So the king of the city asked Archimedes for help . Archimedes had just invented the lever and he combinated levers and pullies to make cranes to stop the enemy. He succeeded in shrinking back the enemy for about 3 years, but the 3th year, Marcellus attacted the town again and one of the soldiers of Marcellus killed Archimedes by sword.

At the moment of his death, he was drawing geometrical forms in the sand. Following Archimedes' wish a sphere inscribed in a cylinder, proudly showing his discovery that the volume of the sphere equals 2/3 of the volume of the cylinder, is marked on his tomb.

But what’s true of this legend ? There is a good reason to presume that designed mighty catapults could have dropped projectiles of 25 kg, 100 m far away. But recent investigations in the history of technology told us that it was impossible that he could have built cranes who could pull the ships of the enemy out of the water.

The problem of the horned beasts

In the 3th century before Chr. Appollonius van Perga couldn’t know what was waiting for him and many other generations of mathematicians, when he searched for the sollution of one of the problems of Archimedes about big numbers. Archimedes must have thought : " Let’s see who knows something about big numbers" and so he considered a mathematical problem about grazing horned beasts of which the solution contains such large numbers that the problem is solved only recently. Besides the problem isn’t solved by human beings, but by machines : the fastest computer in the world. Was Archimedes really the first who came up with the problem ? That’s still a question, but they are sure that he worked on it.

"Calculate, my friend, the herd of horned beasts of the sun. Apply your mind on that, so that you ‘ll get any wisdom.
Calculate the number of horned beasts who grazed ones on the planes of the Sicilian island Trinacriva and who were divided according to color into four groups. ..."

The problem goes on to establish 7 relationships between the bulls and the cows.The number of bulls in each herd was in the majority . In his mathematical essence the problem comes to this : to solve 7 equations with 8 unknowns. Whith only these 7 equations, the problem has an infinite number of solution, although the smallest solution is a total herd of 50 839 082 cows and bulls who could graze on Sicilies 2 573 225 ha.

But Archimedes didn’t leave the problems so easy, he made it much more difficult by charging it with 2 extra conditions :

1) the sum of the number of white bulls and the number of black bulls is a perfect square
2) the sum of the number of yellow bulls and the number of dappled bulls is a triangular number

When solved with the aid of modern computers, the solution has 206 505 digits !
No wonder that Archimedes suggested this problem was for those who occupy themselves with such things "out of love for maths".

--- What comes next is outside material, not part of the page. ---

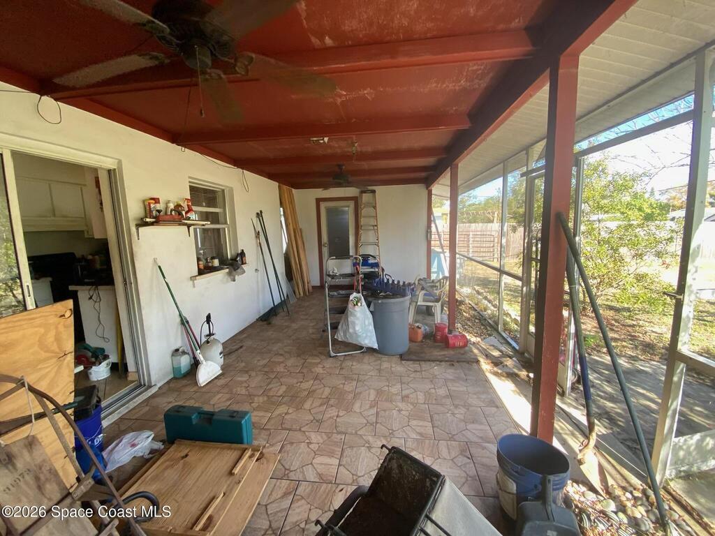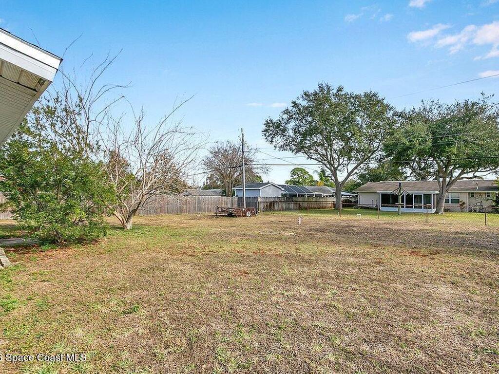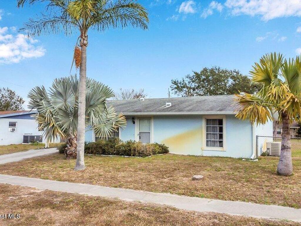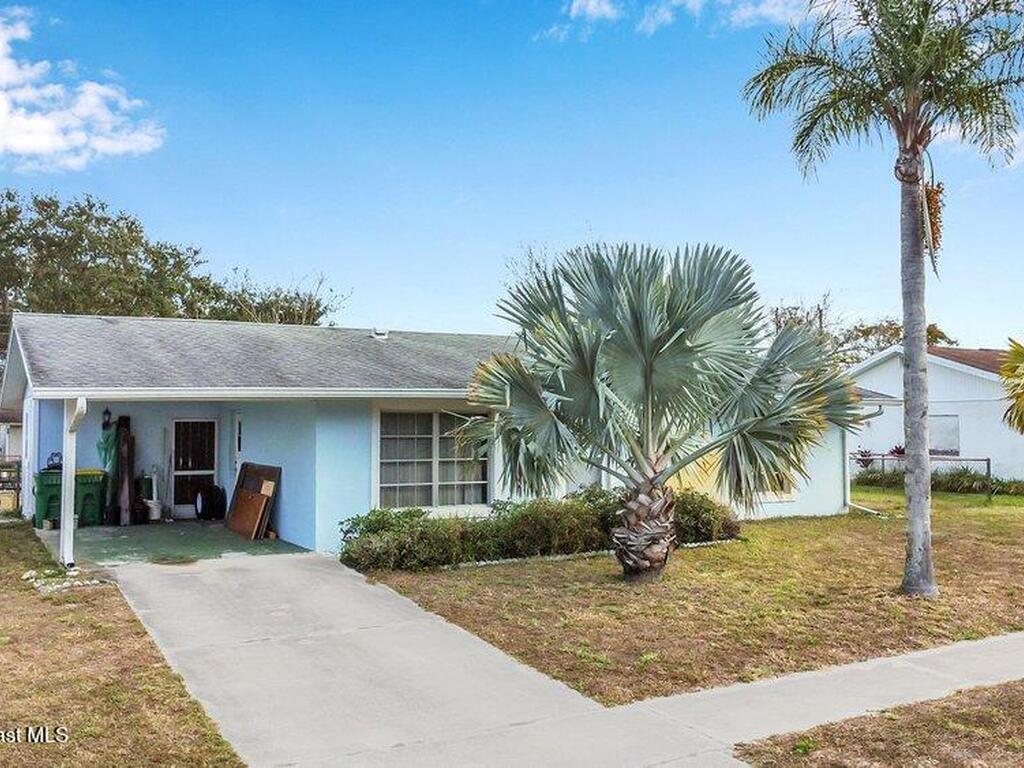 Solid concrete block home on slab featuring 2 bedrooms and 2 full baths, central A/C, and a carport. Approx. 894 sq ft of living area on a ~0.23-acre lot. Enclosed utility/sunroom area has flexible space for storage, workshop, or potential expansion (buyer to verify). Convenient Cocoa location near shopping, schools, and major routes. Delivered vacant at closing. Refrigerator and stove do not convey.

The problem of the crown and the law of Archimedes

King Hieron had given a goldsmith a certain quantity of gold to make a crown of it. Having  received his crown, Hieron ordered Archimedes to see if the crown contained all the gold. If we believe the story of Vitruvius, a Romain architect of the 1° century B.C., Archimedes, as he was taking a bath, got the idea that the volume  of water, that was spoiled over the border was equal to the volume of the subject immersed under water. He realised that, whereas gold is a heavy metal, a total golden crown would have less volume than a mixture with a lighter metal. He filled a bath to the border with water, put the crown into it and collected the spoiled water. The crown(supposing being pure gold) deplaced more water, than his total weight implied, which proved the fact that the goldsmith had cheated king Hieron.

In his book « floating bodies », Archimedes stated his law saying that "a body, which is entirely or  partially immersed in a fluid, receives a lift in an upward direction from below with a force equal to the weight that the given body moves".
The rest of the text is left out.